City Meters, Co., has a patent on individual sewer meters, but Fisher has been unable to reach them. He reported that since the system is already built, it would be difficult, if not impossible, to implement the meters on the existing system due to the size of the meter.
“The meters are 4-foot long and 15 inches tall. They require 15 inches of additional vertical drop in the current service line, which is likely not available,” said Fisher.
There would also be an additional cost for installation, maintenance and to have employees read the meters each month. Fisher added that metering sewer would have a negative impact on full-time customers, causing them to pay the brunt of the costs, because they would pay by usage. Those that are part-time customers would pay according to their seasonal usage.
“If we meter rates in the village we may possibly be obligated to meter throughout entire system,” said GASD Attorney Bill McCaffrey.
Show me the money
The district has been operating in the red. In June they were $14,000 in the red. The district’s debt service costs, that which is obligated to loans, is $47 per customer, per month. This amount does not include operation and maintenance costs.
“The district has only one revenue stream and that is from users paying for sewer service,” said Taylor.
The district is close to bringing an additional 500 customers online.
“The additions will bring the district into the black and help keep rates from rising, but we will not earn enough revenue from the additional customers to lower the current rates,” said Taylor.
“I have been to your meetings and seen your finances. The problem is the project is too big for so few who are in this low income bracket,” said Gravois Board Trustee John Brooks.
“Is there a way to reduce the debt or extending the debt so payments are less and rates can be reduced to an affordable level?”
Legal battle vs. working together to find a solution
“The point is you are free to litigate this if you want to, but you will force us to litigate as well and we would prefer to find a solution,” said McCaffrey.
“We are available for you to come and speak with our financial people and poke holes in it to find a solution to this. This board is anxious to do the right thing. We could go to the Supreme Court if you want to but there are too many lawsuits with people who are mad at each other and no one benefits, but the attorneys.”
McCaffrey assured the Gravois trustees that they would make a sincere effort to come up with a scenario to collect from all customers on a fair and equitable basis.
“Whether that is metered or flat remains to be seen. The best way would be to set the rates based on averages, whether the customer is a resident, or a business and the type of business and usage. As more customers are added, the cost will be shared and this needs to happen as quickly as possible,” said McCaffrey.

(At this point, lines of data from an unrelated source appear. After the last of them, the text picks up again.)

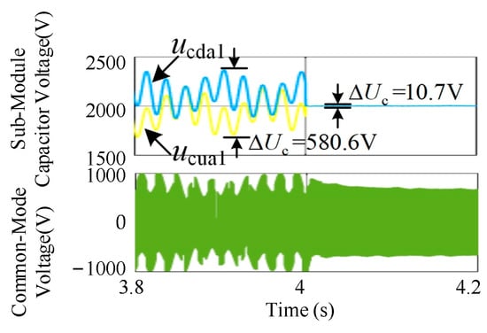 According to Equation (15), the proportion of current diverted into the capacitor differs due to the different frequencies. The HFL circuit shows better coupling and absorption effects for low-frequency fluctuating currents. Since the fluctuating current is primarily composed of low-frequency components, with Lleak in the microhenry (μH) range and C in the millifarad (mF) range, the SM capacitor receives a significantly reduced amount of fluctuating current compared to the HFL. As a result, the elimination of low-frequency ripple in the sub-module voltage is achieved. As shown in the study in [26], the arm circulating current is also eliminated.
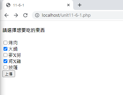 一般來說,複選會使用到『陣列』的機制,陣列在 HTML 裡面必需要加上中括號[]才行!不過 PHP 裡面倒是不需要加上中括號。 現在,讓我們來選擇一下,你可能會有興趣的餐點項目:
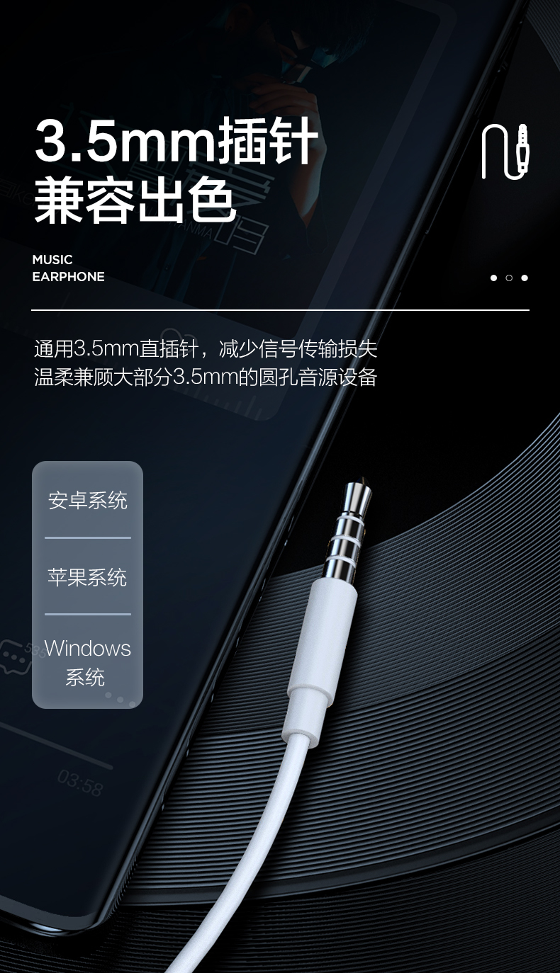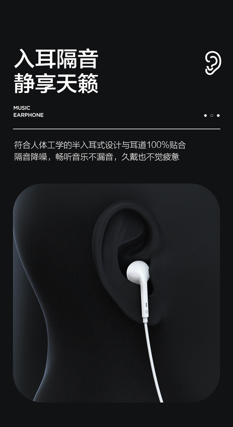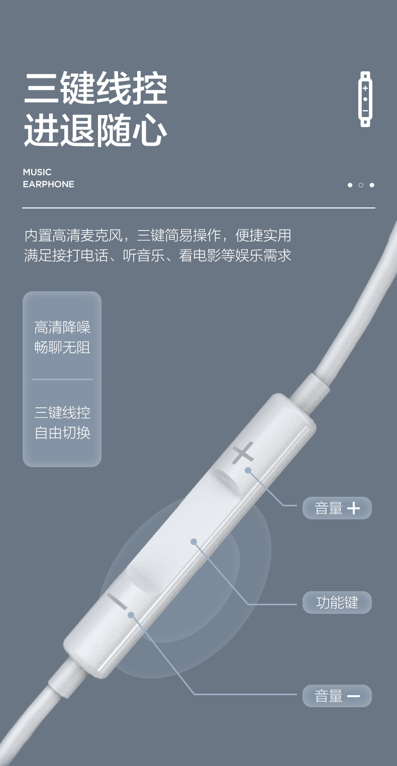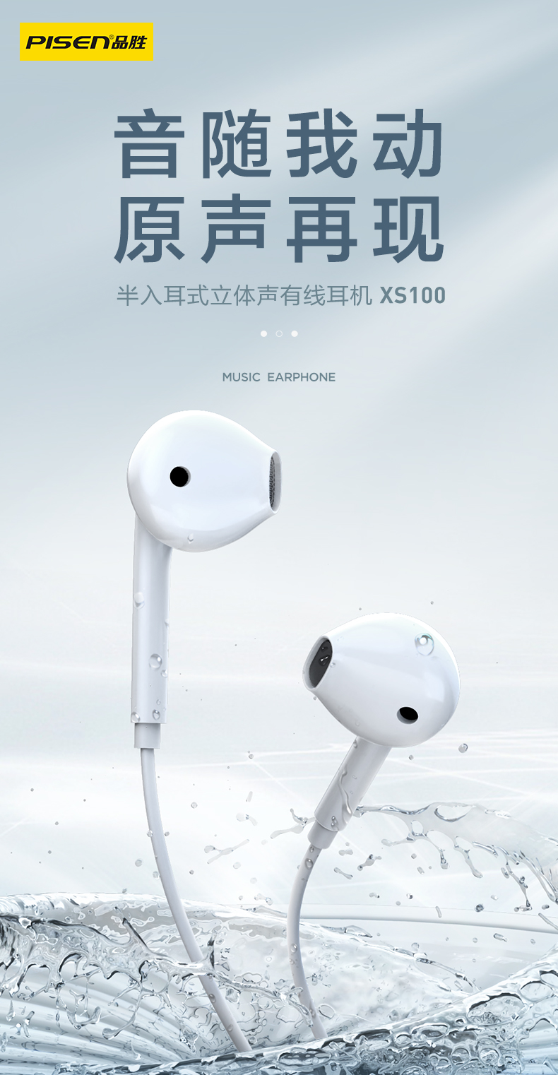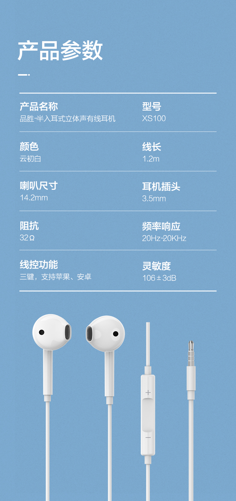 【暂时下架】品胜 半入耳式立体声有线耳机XS100 手机音乐耳机 三键线控 3.5mm接头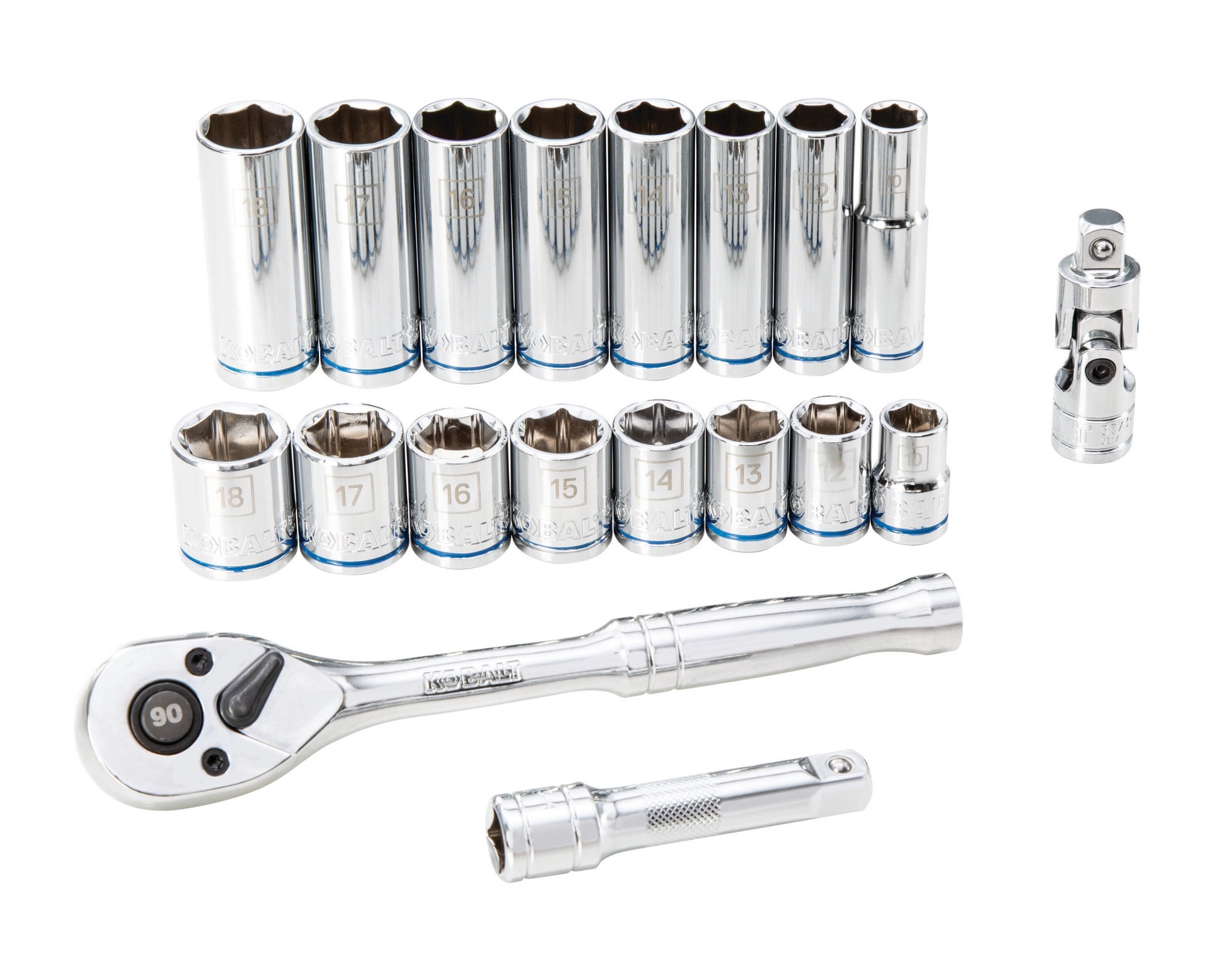 This 3/8-inch drive set contains 16 commonly used shallow and deep metric sockets, a ratchet, a 3-inch extension and one 3/8x3/8-inch universal joint extension. 90-Tooth ratcheting mechanism provides …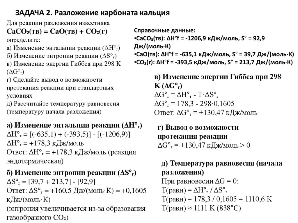 ЗАДАЧА 2. Разложение карбоната кальцияДля реакции разложения известняка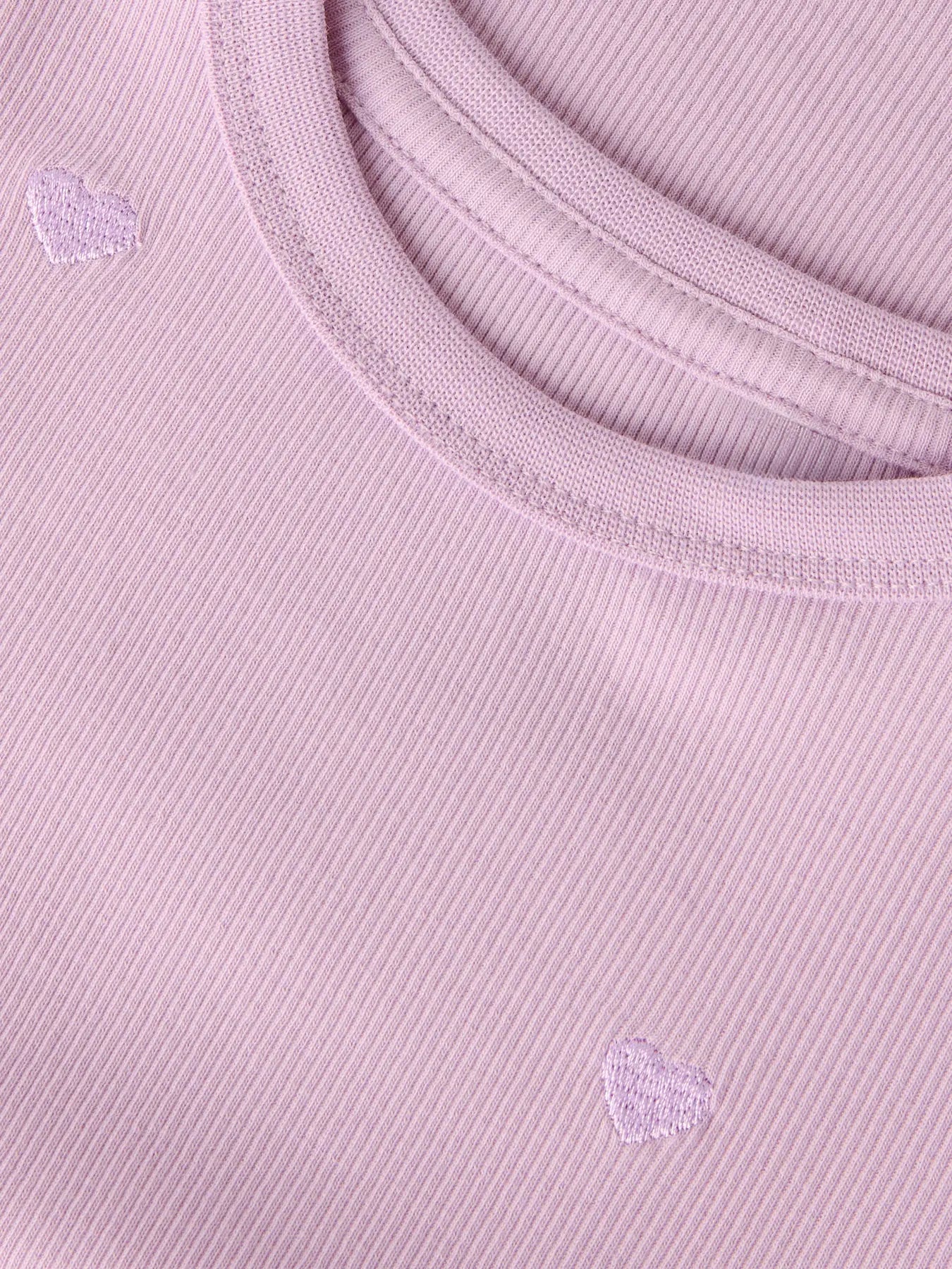 Broderade hjärtan på framsidan i samma lila/rosa färg som tröjan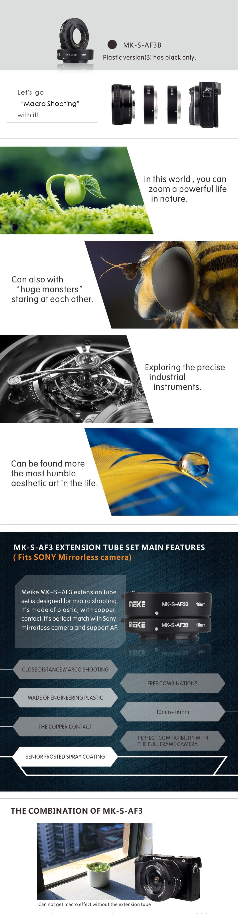 Extension ring Meike MK-S-3B AF pour macro pour Sony E-Mount A6300 A6500 A6000 A7 A7II A7III A7SII NEX-7 NEX-6 ...

The two boards agreed to set a meeting to discuss options. The village board was asked to provide information on the number of residents living in the village along with any information on certain areas where they felt there were unfair charges.
Estimated cost for a water meter:
  • Cost to install water meter: $500 to install
  • Cost to purchase flow meters: $1,500 - $2,000
  • 0 to 1,000 gallons: a decrease of $15 a month
  • 2,000 gallons: a decrease of $3.50 a month
  • 3,000 gallons: an increase of $8.25 a month. 
  • 4,000 gallons: an increase of $20 a month
Officials said the estimated amounts do not reflect debt service or maintenance and will have to be included.
Cost per customer for a sewer meter:
  • 1,000 gallons: a reduction of $7.50 a month
  • Over 1,000 gallons: an increase
  • The average flow is 4,000 gallons a month
  • The national average is 5,000 gallons a month
  • 4,000 gallons a month: an increase of up to $21 to $25.59 per month

    Trustees discuss sewer issues

The Gravois Board of Trustees discuss sewer issues with the Gravois Arm Sewer District at their board of trustees meeting Tuesday, June 12 in Gravois Mills. Pictured are,from left, Village Attorney Greg Williams, Trustee Bob Swengrosh, Trustee Jack Feller, Chairman Brad Vold and Board Treasurer/Secretary John Brooks.